DOMINATION! UBS Is Hammering The Recruiting Competition This Year, And It Isn’t Even Close

UBS hasn’t found the secret sauce, they’ve perfected the use of Thor’s magical hammer and are pounding away at rivals who’ve yet to figure out a way to match their efforts.

J. P. Morgan in particular is being completely bludgeoned with zero signs of the mass exodus of top talent slowing down. While a few private bankers from JPM have matriculated to Morgan Stanley, more than 90% have taken their talents directly to UBS.

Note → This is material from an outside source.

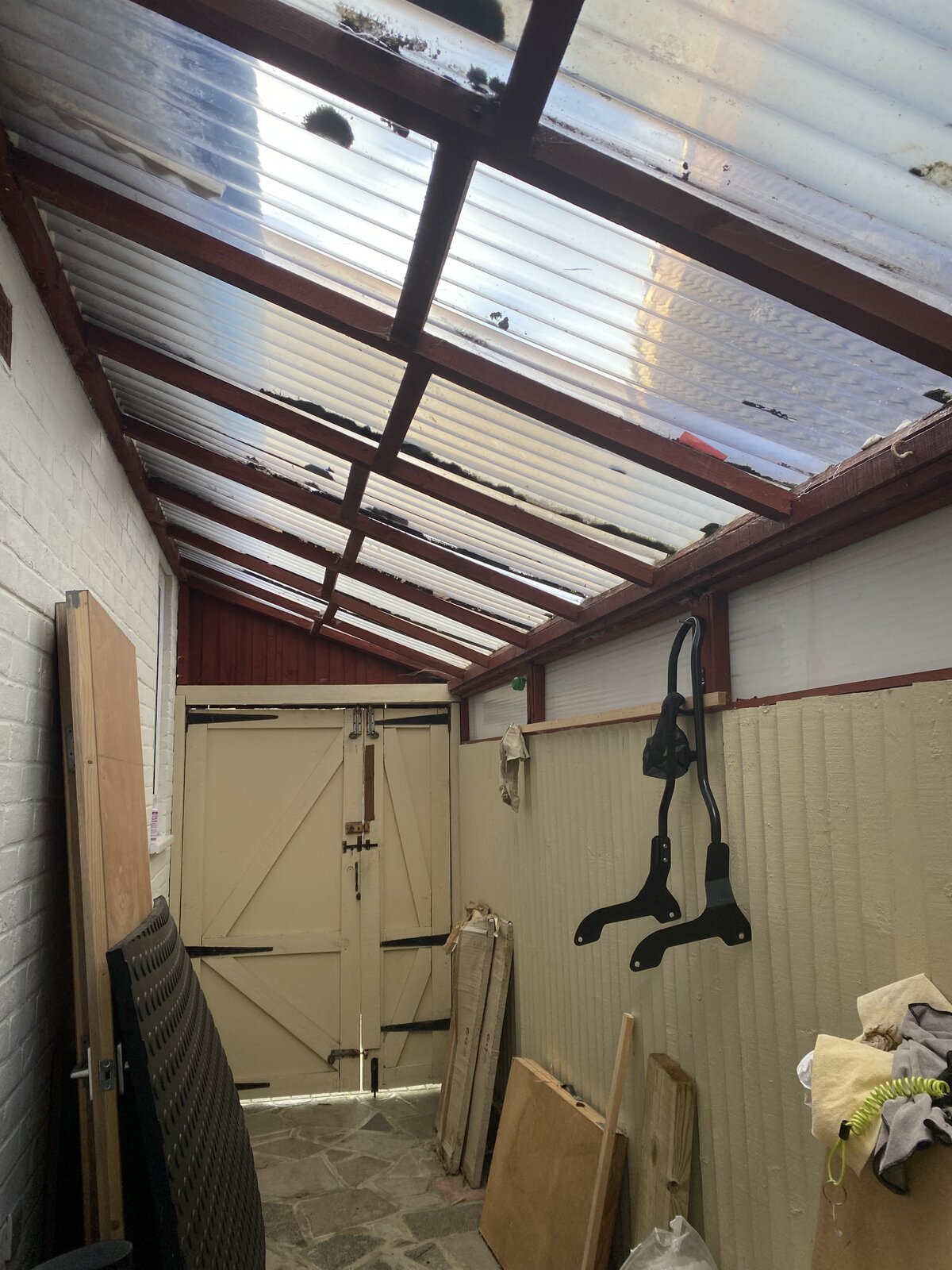 I would like to make this into a better space, ideally waterproof and secure (we would plan to keep motorbike in front section). But I just don't know what the options in terms of contruction types and what might be permitted. Is there someone who could be called around to ask? Obviously the lean-to part is the most urgent to do away with!

Add those to the Merrill, Wells, and Morgan Stanley wins and UBS is so far out in front of its competition the race seems rigged. But it isn’t… rather it’s a well-executed recruiting strategy that may have seemed risky a year ago but has turned into absolute gold.

A two-fold ‘macro’ decision was made and has resonated in a way that has UBS up by 5X their closest competitor (Rockefeller) instated client asset transfer. As it stands today, UBS is a few bucks away from the first half of 2021 total of $60B in client assets recruited. Amazing.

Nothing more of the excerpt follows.